No dia 18/08/2022, o Plenário do Supremo Tribunal Federal (STF) decidiu, em sede de repercussão geral, no âmbito do Recurso Extraordinário com Agravo (ARE) n. 843989, importantes controvérsias na aplicação das normas inseridas pela Lei n. 14.230/2021 na Lei de Improbidade Administrativa (Lei n. 8.429/1992 ou, simplesmente, LIA).
O recurso julgado pelo STF tem origem em ação civil pública ajuizada pelo INSS, em 2006, contra uma ex-procuradora, que, entre 1994 e 1996, teria atuado de forma negligente na condução de processos judiciais em que era representante da Autarquia.
Inicialmente, a procuradora foi absolvida pelo juízo de primeira instância, que entendeu pela inexistência de improbidade na situação concreta. Contudo, em grau de apelação, o Tribunal Regional Federal da 4ª Região (TRF4) anulou a sentença e determinou a reabertura da instrução processual, a fim de que as provas produzidas fossem reanalisadas.
A ex-procuradora, então, apresentou recurso ao STF. Em sua defesa, alegou que a ação já estaria prescrita, uma vez que teria sido ajuizada depois do prazo prescricional de 5 anos previsto na redação original da LIA. Além disso, suscitou também a aplicação retroativa das inovações trazidas pela Lei n. 14.230/2021, em especial quanto à necessidade do elemento subjetivo do dolo para configuração de ato de improbidade administrativa.
Diante da relevância da discussão, o processo foi levado ao Plenário Virtual do STF para fins de reconhecimento da repercussão geral da matéria nele discutida, sendo indicado como representativo do Tema n. 1199, sob relatoria do Ministro Alexandre de Moraes.
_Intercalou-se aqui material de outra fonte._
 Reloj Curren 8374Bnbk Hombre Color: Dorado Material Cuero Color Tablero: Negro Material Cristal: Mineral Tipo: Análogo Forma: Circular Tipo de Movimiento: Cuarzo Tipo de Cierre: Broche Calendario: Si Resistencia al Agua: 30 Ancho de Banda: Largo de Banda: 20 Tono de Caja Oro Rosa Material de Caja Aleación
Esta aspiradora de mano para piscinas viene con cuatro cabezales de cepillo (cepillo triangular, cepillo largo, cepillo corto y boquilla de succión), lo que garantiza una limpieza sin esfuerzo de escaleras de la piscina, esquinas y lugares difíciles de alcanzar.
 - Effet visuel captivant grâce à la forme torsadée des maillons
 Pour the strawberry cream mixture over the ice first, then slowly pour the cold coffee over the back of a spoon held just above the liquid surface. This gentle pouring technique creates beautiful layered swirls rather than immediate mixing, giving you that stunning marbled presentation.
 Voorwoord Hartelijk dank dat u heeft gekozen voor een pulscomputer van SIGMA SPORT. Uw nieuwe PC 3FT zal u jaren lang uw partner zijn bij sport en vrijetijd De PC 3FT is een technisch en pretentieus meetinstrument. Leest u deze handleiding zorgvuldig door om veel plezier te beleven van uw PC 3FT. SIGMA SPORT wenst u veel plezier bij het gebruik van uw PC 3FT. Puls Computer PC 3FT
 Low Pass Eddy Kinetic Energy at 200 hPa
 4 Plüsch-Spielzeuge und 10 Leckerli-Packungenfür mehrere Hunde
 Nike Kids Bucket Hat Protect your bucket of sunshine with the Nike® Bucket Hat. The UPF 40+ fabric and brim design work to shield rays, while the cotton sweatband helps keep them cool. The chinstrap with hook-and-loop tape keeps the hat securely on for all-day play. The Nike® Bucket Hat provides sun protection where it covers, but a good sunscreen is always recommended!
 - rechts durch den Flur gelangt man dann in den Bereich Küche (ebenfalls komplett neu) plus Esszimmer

Em 10/08/2022, o processo foi pautado para julgamento e, após quatro dias de análise da matéria, a Corte Superior, por maioria de votos, entendeu que a revogação da modalidade culposa de improbidade pela Lei n. 14.230/2021 não deve retroagir para os casos já transitados em julgado ou processos em fase executória. Por outro lado, a norma mais benéfica deve alcançar os processos ainda em curso, mesmo que ajuizados antes da referida Lei, hipótese na qual a existência ou não do elemento subjetivo doloso deve ser averiguada caso a caso pelo juízo competente.
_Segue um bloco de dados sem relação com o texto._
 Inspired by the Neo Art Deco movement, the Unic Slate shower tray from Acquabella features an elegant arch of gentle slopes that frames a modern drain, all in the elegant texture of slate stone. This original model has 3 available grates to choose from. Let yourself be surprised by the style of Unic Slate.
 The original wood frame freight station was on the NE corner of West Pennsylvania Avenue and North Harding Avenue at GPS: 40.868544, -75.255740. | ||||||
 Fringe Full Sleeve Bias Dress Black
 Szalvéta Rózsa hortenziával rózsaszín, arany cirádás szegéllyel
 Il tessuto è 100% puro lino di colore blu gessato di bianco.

Além disso, restou decidido também que o novo regime prescricional inaugurado pela Lei n. 14.230/2021, por configurar regra de direito processual, não deve retroagir, aplicando-se os novos marcos temporais somente a partir da publicação da nova Lei. O entendimento tem aplicação tanto para a prescrição intercorrente, quanto para a prescrição propriamente dita.
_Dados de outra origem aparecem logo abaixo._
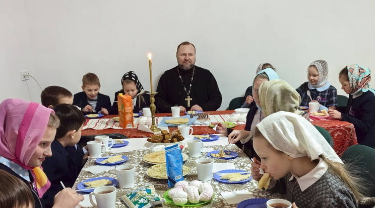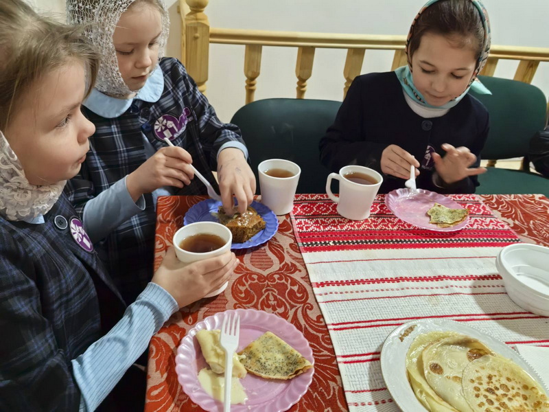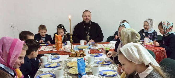 Священник рассказал детям о значении сырной седмицы и об отличии ее от Масленицы. Он отметил, что это период не столько праздничных гуляний с блинами, сколько время осмысленной подготовки к подвигу веры — Великому посту.

Ao final, foram fixadas as seguintes teses de repercussão geral:
(i) “É necessária a comprovação de responsabilidade subjetiva para a tipificação dos atos de improbidade administrativa, exigindo-se nos artigos 9º, 10 e 11 LIA – a presença do elemento subjetivo do dolo”;
(ii) “A norma benéfica da Lei 14.230/2021 – revogação da modalidade culposa do ato de improbidade administrativa -, é irretroativa, em virtude do artigo 5º, inciso XXXVI, da Constituição Federal, não tendo incidência em relação à eficácia da coisa julgada; nem tampouco durante o processo de execução das penas e seus incidentes”;
(iii) “A nova Lei 14.230/2021 aplica-se aos atos de improbidade administrativa culposos praticados na vigência do texto anterior, porém sem condenação transitada em julgado, em virtude da revogação expressa do tipo culposo, devendo o juízo competente analisar eventual dolo por parte do agente”; e
(iv) “O novo regime prescricional previsto na Lei 14.230/2021 é irretroativo, aplicando-se os novos marcos temporais a partir da publicação da lei”.
Em razão de seu caráter de repercussão geral, a decisão configura parâmetro decisório para todas as instâncias judiciais inferiores, que devem decidir casos semelhantes com base nas teses fixadas no julgamento do ARE n. 843989.